Monday, Feb. 08, 1937
Buffalo Bronzes
Melt copper with tin and you get bronze, probably the oldest, certainly one of the most useful alloys in the world. Last week the Albright Art Gallery of Buffalo popped into the spotlight with an exhibition illustrating the history of bronze-casting from about 3000 B.C. to the 20th Century. Eschewing such utilitarian objects as Roman swords, motorboat propellers and bank tellers' cages, the gallery has assembled a collection of 173 statuettes, all of them of first rank, only one (a Degas figurine) the property of the Albright Art Gallery. Most liberal lenders were New York's Metropolitan Museum, which offered 33 pieces, the Boston Museum of Fine Arts, which loaned 26. Such private collectors as John Pierpont Morgan, Jules Semon Bache, William Randolph Hearst, George Blumenthal, Mrs. John Davison Rockefeller Jr. chipped in, too.
Best of Buffalo's bronzes: two owls dated approximately 1122 B.C.; a gilt Buddha whose first private owner, the Empress Dowager's Viceroy Tuan Fang, acquired it by building a brand new temple for the monks who had guarded it; a group of Renaissance pieces from the Dreyfus collection, just bought by Andrew Mellon for his new national museum (TIME, Jan. 11); two Benvenuto Cellinis; David with the Head of Goliath, only known bronze by Luca della Robbia beside his famed doors for the Florence Cathedral; the earliest of six known figures by Daumier of "Ratapoil," his famed caricature of a Bonapartist agitator.
If the Albright Gallery had nothing of its own to match these in quality there was at least one other public service it could perform. It published an elaborate catalog illustrating each piece with a full-page plate and giving a scholarly introduction to each section of the catalog. These were not prepared by the Buffalo Museum's staff but by leading authorities in the U. S. on each particular field. Orientalist Arthur Upham Pope wrote on Persian bronzes, the Metropolitan's Gisela M. A. Richter covered those of Greece and Rome, Art Dealer Stephan Bourgeois wrote on modern bronzes.

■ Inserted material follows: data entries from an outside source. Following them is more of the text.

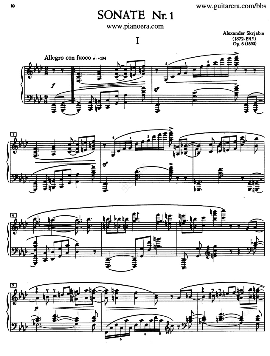 f小调第一钢琴奏鸣曲 Piano No.1 in f Minor Op.6斯克里亚宾是一个交响乐作曲家和钢琴音乐的大师。早期作品以新的方式继承了俄罗斯古典传统。他的作品充满了尖锐的戏剧性和英雄气概及乐观向上的刚毅精神,旋律宽广,情感激昂,结构宏伟而精致,爱用庞大的管弦乐编制,音响既浑厚而又细腻,力度对比强烈。其早期钢琴作品,广泛地运用了钢琴的技巧和表现力,音乐形象鲜明,充满热情,紧张的节奏与尖硬的和声时常出现,他大量运用复杂和弦,强调和声的紧张度和不协和,表现作家内心感受到的尖锐的、不可缓解的冲突。斯克里亚宾的创作不仅为俄国现代主义音乐开了先例,也是欧洲无调性音乐和光色手法的肇端。但这种摆脱了传统的音乐,虽曾一度引起音乐界的轰动,但随着二十世纪新古典主义及其它流派的兴起,他的作品也受到怀疑和否定。但是,他的音乐语言以及和声技法在所有近现代音乐家中都是独树一帜的,尤其是他的十首钢琴奏鸣曲,贯穿了他一生的创作观念和实践,不仅是他各创作历程及哲学精神的阶段反映,而且是其高超钢琴写作技法的具体表现。因此,斯克里亚宾的钢琴作品仍是钢琴音乐宝库中不可替代的组成部分。斯克里亚宾的十首钢琴奏鸣曲充分反映了其力图用音乐来揭示某种真理,表达整个世界观的创作思维,是斯克里亚宾钢琴音乐作品中成就最高的部分,是作曲家创作道路上的主要标志。这些奏鸣曲可按三个创作时期来分类:第一号至第三号属受肖邦李斯特深刻影响的第一时期。第四、第五号为向他自己风格转型时期,此时深受瓦格纳影响,但已开始转向宗教神秘主义。第六号以后确定了他自己神秘主义的、新的和声语言方法。——————————————————————————————————————————————————《f小调第一钢琴奏鸣曲》Piano No.1 in f Minor Op.6 ,作于1893年,也就是他在莫斯科音乐学院毕业后的第一年。斯克里亚宾在创作备忘录中记此曲要表现的是: 1.善,理想,真实,在另一边的目标; 2.追求,失败而绝望,反叛神明; 3.探索内心的理想,抗议,自由; 4.为了自由的学问基础; 5.宗教。这部奏鸣曲从形象的范围和表现手法来看还没有很突出的独创性,第一乐章的呈示部中的主部与副部的连接段、还有接下来的副部,都可以说是肖邦式的音乐,不可避免的流露出他早期创作的模仿阶段以及对肖邦等的偏爱。但在乐章之间已显出作者的情绪飘忽不定;而在节奏紧迫、来势汹涌的急板之后,继之以阴惨沉重的送葬进行曲结束全曲,尤其令人感觉突然。十九世纪90年代是斯克里亚宾的哲学思想形成的时期,他读了许多哲学书,企图求得解决一些与世界观有关的问题。从青年时代始,他就探索过关于人生,关于人与人之间的关系,关于道德的标准等等问题,他常常联想到宗教和神。当然,这种盲目的探索是不会得到什么正确的结论的。当他在自己的思想的矛盾中找不到出路时,他就陷入悲观绝望的深渊之中。因此他使用了“葬礼进行曲”作为他这部钢琴奏鸣曲的末乐章。斯克里亚宾对待生活的态度,是以个人为中心的,个人的如意或不如意决定着他对于社会生活中所发生的重大事件的态度。斯克里亚宾沿着这样的道路,逐步形成了他的极端主观唯心主义的世界观(他肯定一切都源于“我”,否定了客观世界的存在,说世界是“我的活动,我的创造,我的欲望”的结果)。这部奏鸣曲共有四个乐章:第一乐章,热情的快板,f小调,9/8拍,奏鸣曲式。第二乐章,c小调,4/4拍,三段体。 第三乐章,急板,f小调,12/8拍,回旋曲式,构架,斯克里亚宾说明此乐章是表现”反抗的呐喊,对神明与命运的屈服”。第四乐章,葬礼,f小调,4/4拍,三段体,中段以圣咏来展示“拯救”。
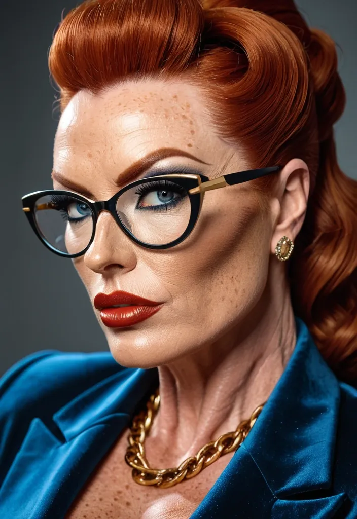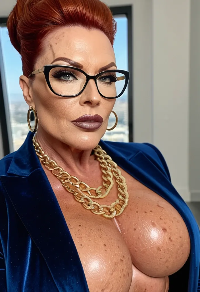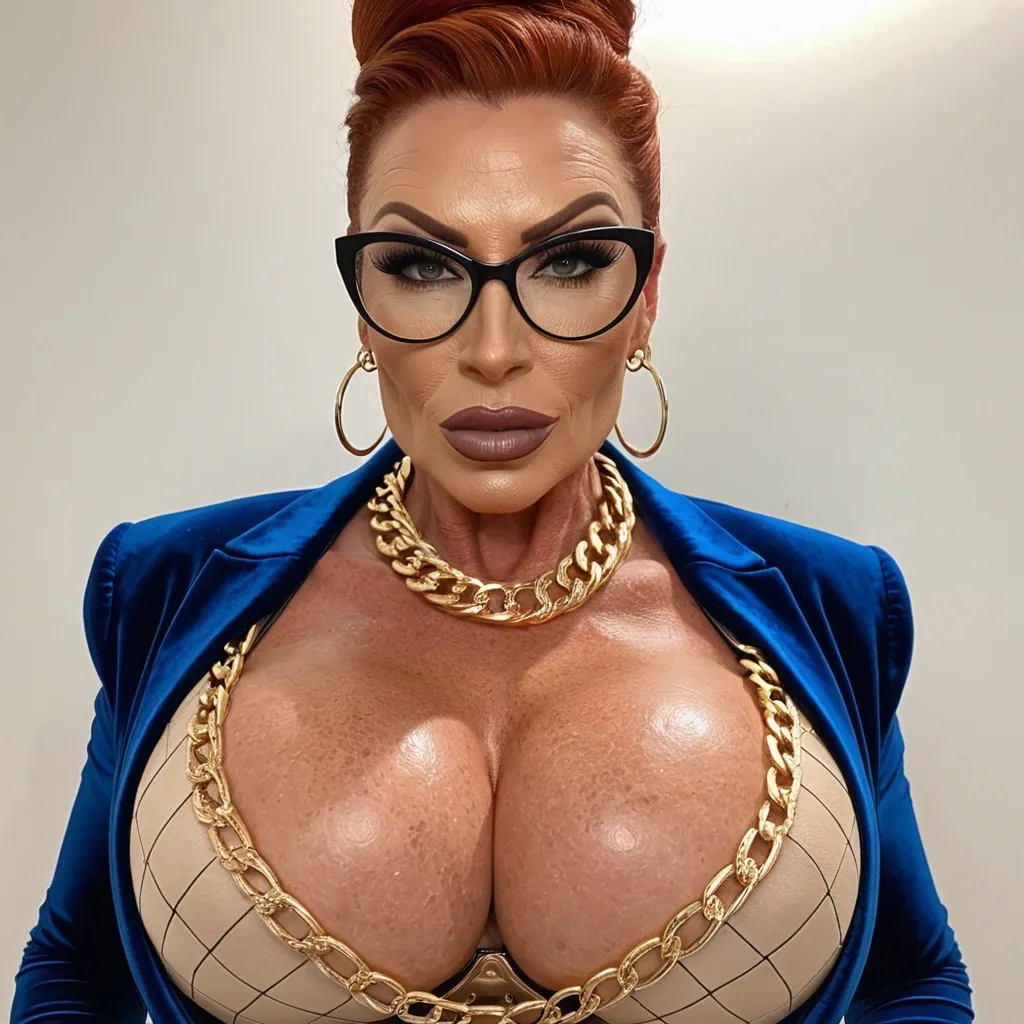Generate a Gorgeous 42 year old female boss , bimbo , hourglass body , eyeglasses abnormally massive female bodybuilder , gorgeous , close up , full lips , big booty , redheaded , freckles on face and breast , pompadour updo design hair , feminine silhouette , too big breast , big booty , sexy thighs abs , silhouette , up close , flexing biceps , beautiful green eyes , legs are iconic and defining physical feature , both visually and in terms of combat ability.wearing an outfit that is a striking blend of elegance , power , and femininity , designed to command attention in any room. The suit is tailored to perfection , hugging the wearer’s curves with precision while emphasizing a structured silhouette. The fabric itself is a refined grey tweed patterned with subtle white grid lines , giving the suit a texture that feels both sophisticated and modern. The blazer features broad blue lapels and gold button accents , adding a luxurious touch that elevates the look beyond typical business attire. The matching high-waisted trousers elongate the frame , further enhancing the poised and commanding effect of the ensemble.The styling choices amplify the boldness of the suit. The inner blouse is a silky , greybutton-down shirt that complements the tweed’s tone while introducing a softer , feminine balance to the sharp tailoring of the jacket. The blouse peeks out neatly from under the blazer , maintaining elegance without drawing focus away from the suit’s commanding cut. Accessories are kept minimal yet intentional: a delicate layered gold necklace and hoop earrings that add glimmers of light and luxury without overpowering the outfit. The choice of voluminous , honey-brown braids cascading down her shoulders frames the face with both confidence and glamour , completing the commanding visual.Altogether , this look communicates a blend of authority and allure. It is business-ready yet fashion-forward , balancing corporate structure with vibrant femininity. The color palette blue , grey and gold avoids being overly delicate , instead embracing the richness of texture , structure , and presence. This is the kind of ensemble that speaks to ambition , sophistication , and personal style—ideal for someone who thrives in positions of influence but insists on expressing her individuality with bold elegance. It’s not just clothing—it’s a statement of power wrapped in grace. In luxury living legs that could crush a watermelon , skirt high boots are a bold and striking statement piece , crafted in glossy black patent leather that gives them a sleek , polished finish. Rising to just below the knee , the boots feature three adjustable buckle straps along the shaft , adding both edge and detail to their design. The towering stiletto heel , paired with a thick platform sole , creates an ultra-dramatic silhouette that elongates the leg and exudes power and confidence. With their combination of shine , height , and structure , these boots perfectly balance fierce femininity with high-fashion allure. Massive breast , massive cleavage , Up close shot blue velvet blazer , black leather color , beige blouse underneath , gold tiny chain necklace , blue velvet blazer , black leather color , beige blouse underneath , gold tiny chain necklace ,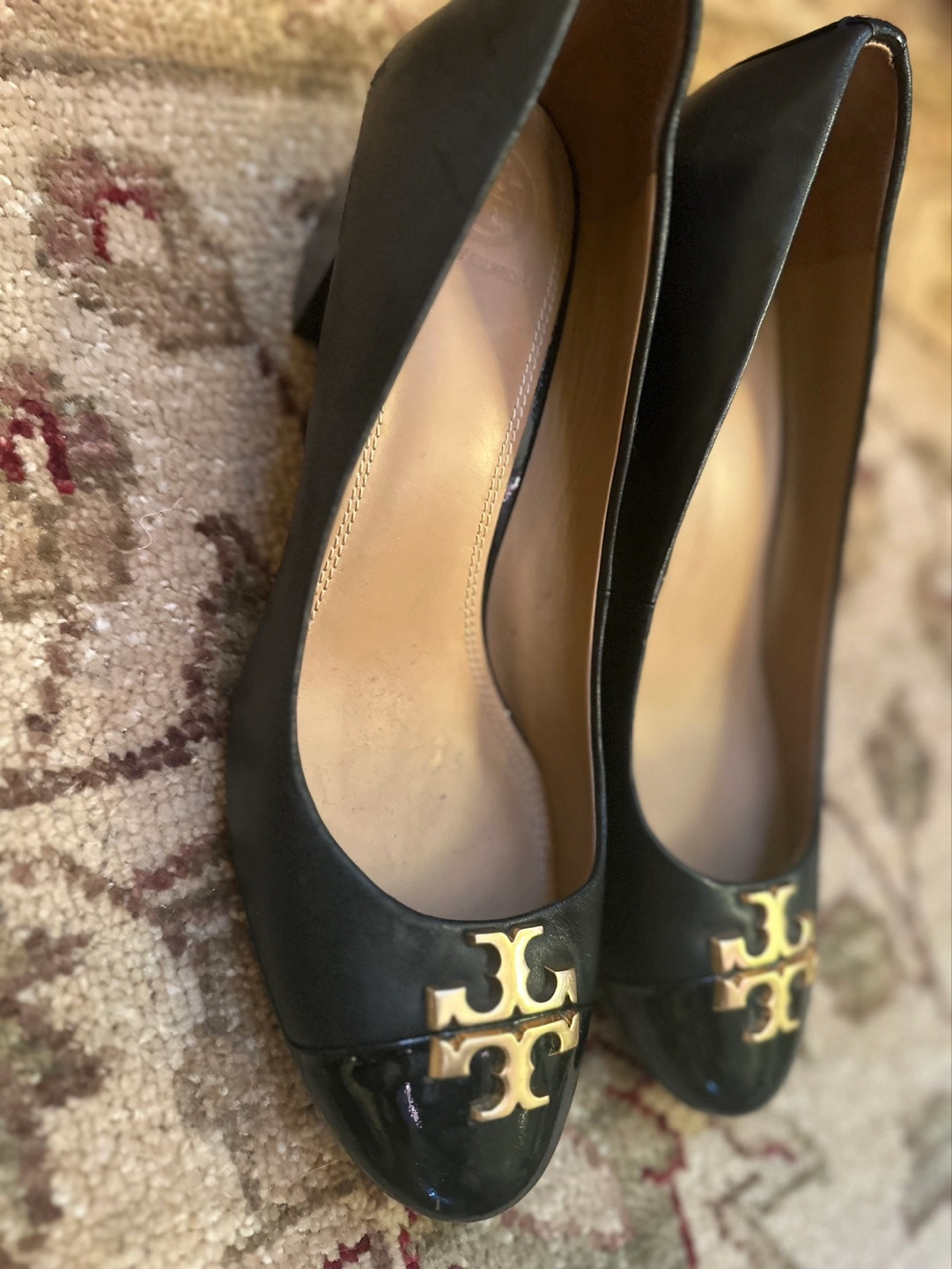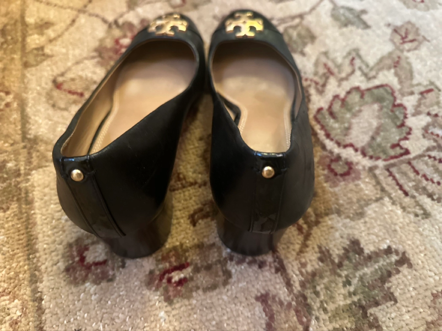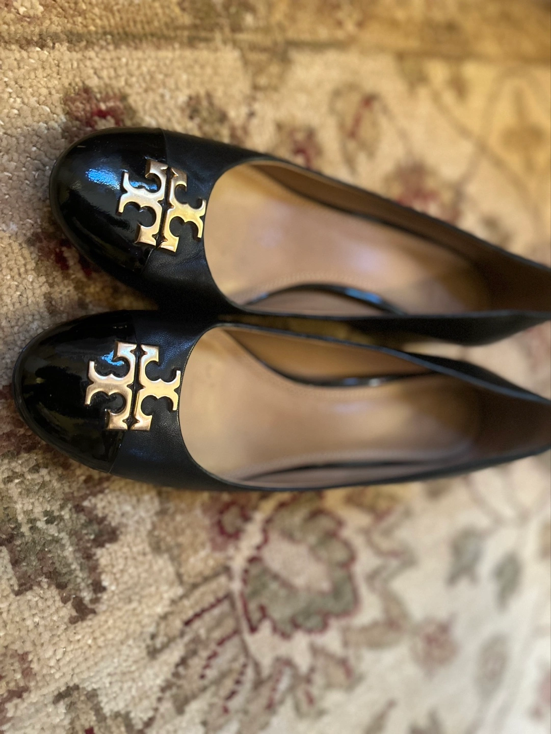 These are a pair of Tory Burch ballet flats in black leather. They feature the classic Tory Burch logo on the toe. They're in good condition and ready for a new home!
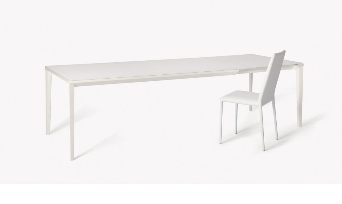Accoglie fino a 12 persone il tavolo allungabile Echo in acciaio laccato più top in cristallo velvet antigraffio, qui con la sedia Malik in acciaio ed ecopelle tutto in bianco [Bontempi Casa, cm 100x190/270x75h da €1.733 e €178,80].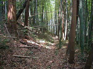 城塁北側(い)の帯曲輪、幅は1m〜3mほどで、まさに帯という感じ。右下は台地下までの土手であるが、削り方は戦国城郭に比べてやや甘い感じがする。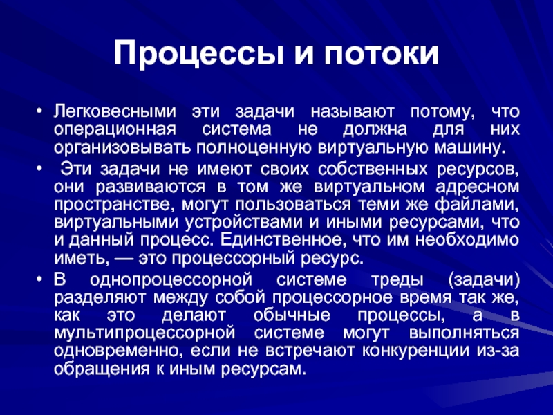 Эти задачи не имеют своих собственных ресурсов, они развиваются в том же виртуальном адресном пространстве, могут пользоваться теми же файлами, виртуальными устройствами и иными ресурсами, что и данный процесс. Единственное, что им необходимо иметь, — это процессорный ресурс.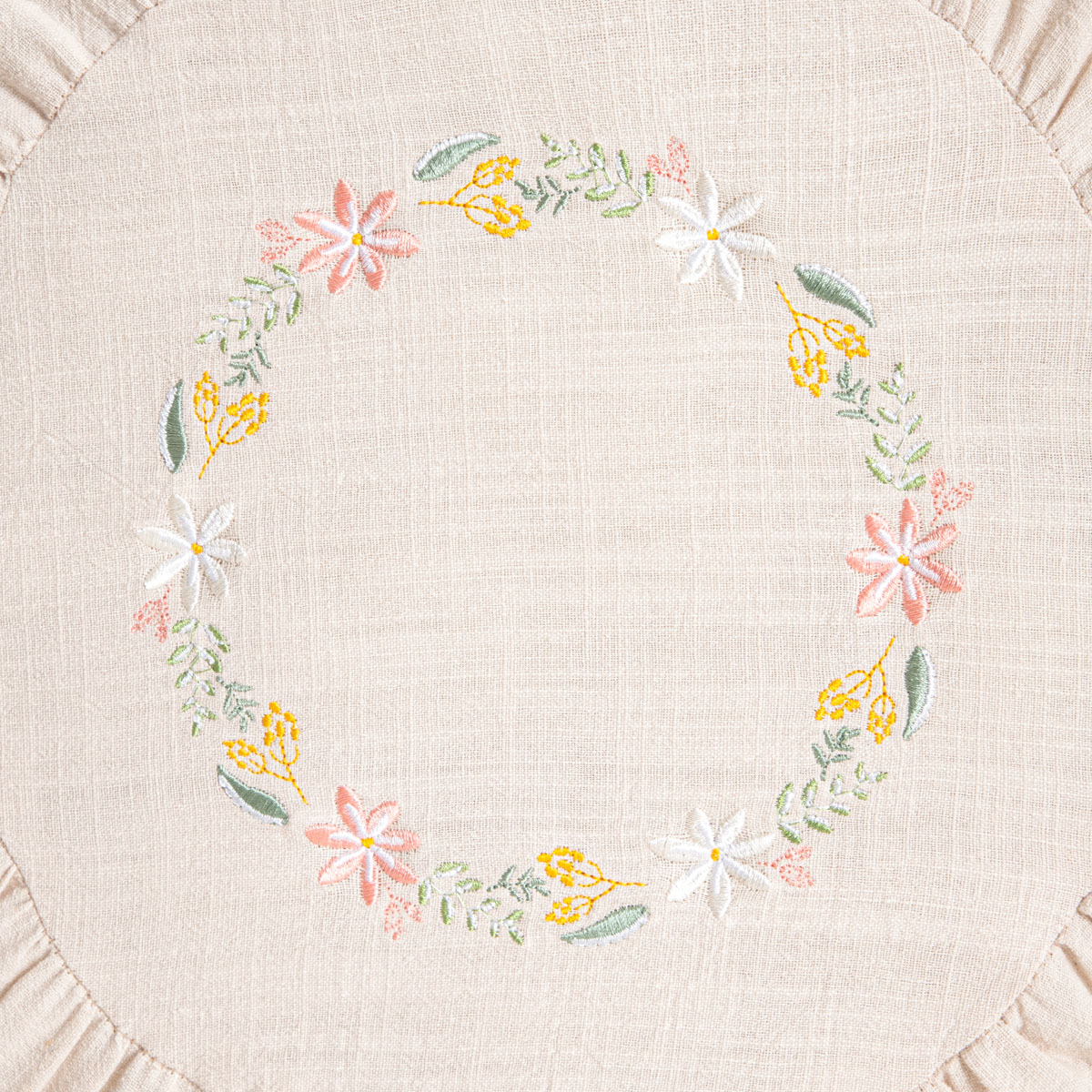 Transform your interior design with the BANF pillow. Its round form with a crinkled valance creates an elegant, decorative detail that looks beautiful on a sofa, armchair or bed. Delicate embroidery in the form of a floral garland adds a spring accent to the arrangement, and the light ecru shade harmoniously harmonizes with any room.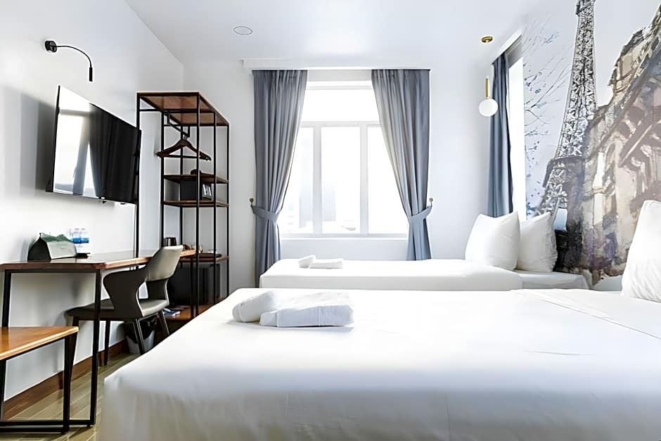 Welcome to our Superior Queen Room 72 ft² with a city view. Enjoy twin beds, Enjoy sports channels on the smart TV 43inches, free toiletries, a shower, bidet, and slippers. Stay entertained with cable channels on the TV and make use of the refrigerator and safe. Upper floors are easily accessible by elevator, and towels are provided. Relax in the sitting area, charge your devices with the socket near the bed, and stay comfortable with air conditioning.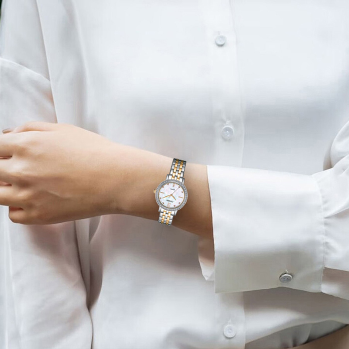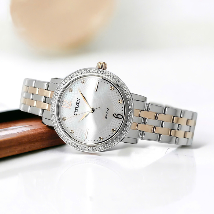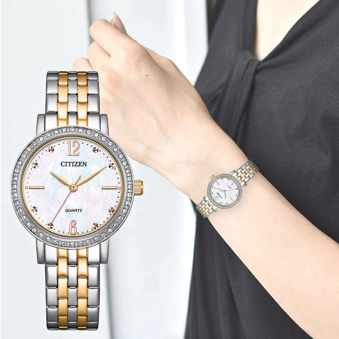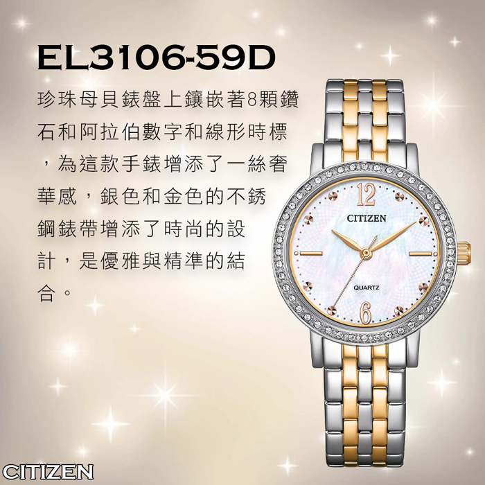CITIZEN 星辰 時尚珍珠母貝鋼帶女錶 EL3106-59D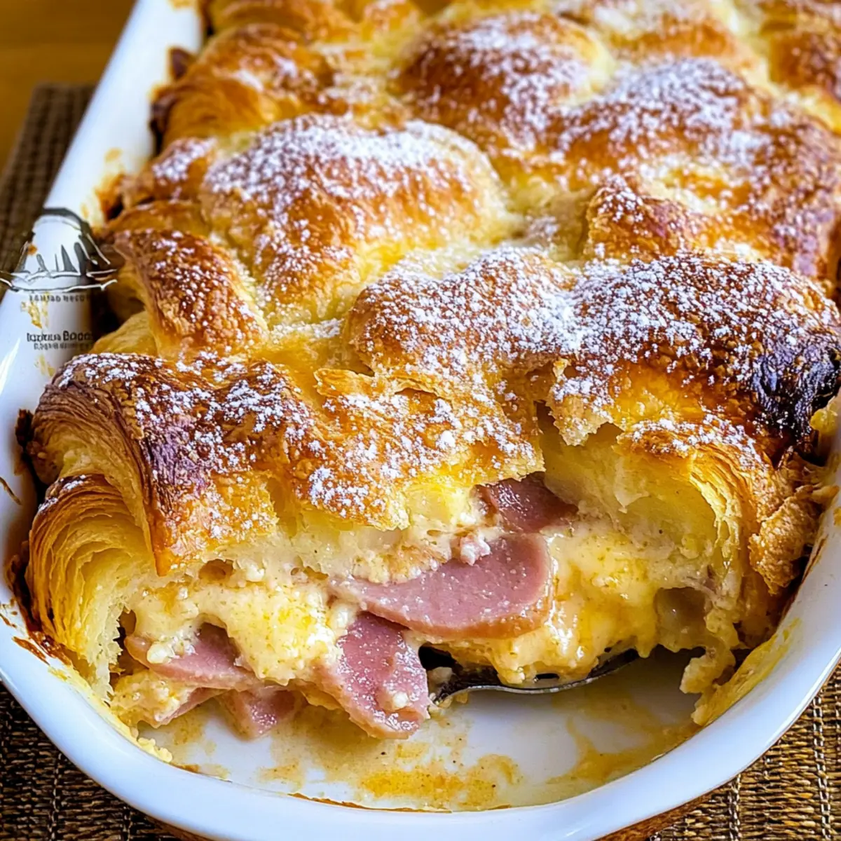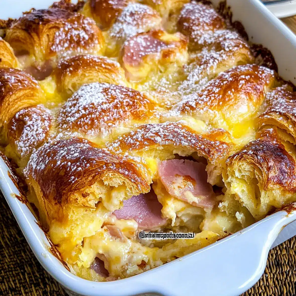 • Get ready to whip up a delicious breakfast casserole that brings together buttery croissants with smoky ham and gooey cheese!

Footing the bill for all this was one of the leading squash racquet and polo players in the U. S., Seymour Horace Knox. Son of a Woolworth partner and a potent investment banker in his own right, Poloist Knox has a burning ambition to make East Aurora and the Buffalo district as famed for polo as Long Island. He was captain of the squash racquets team sent to Britain in 1935. His active interest in art is recent. To date his private collection consists of one Utrillo bought a few months ago, and the collector's bug.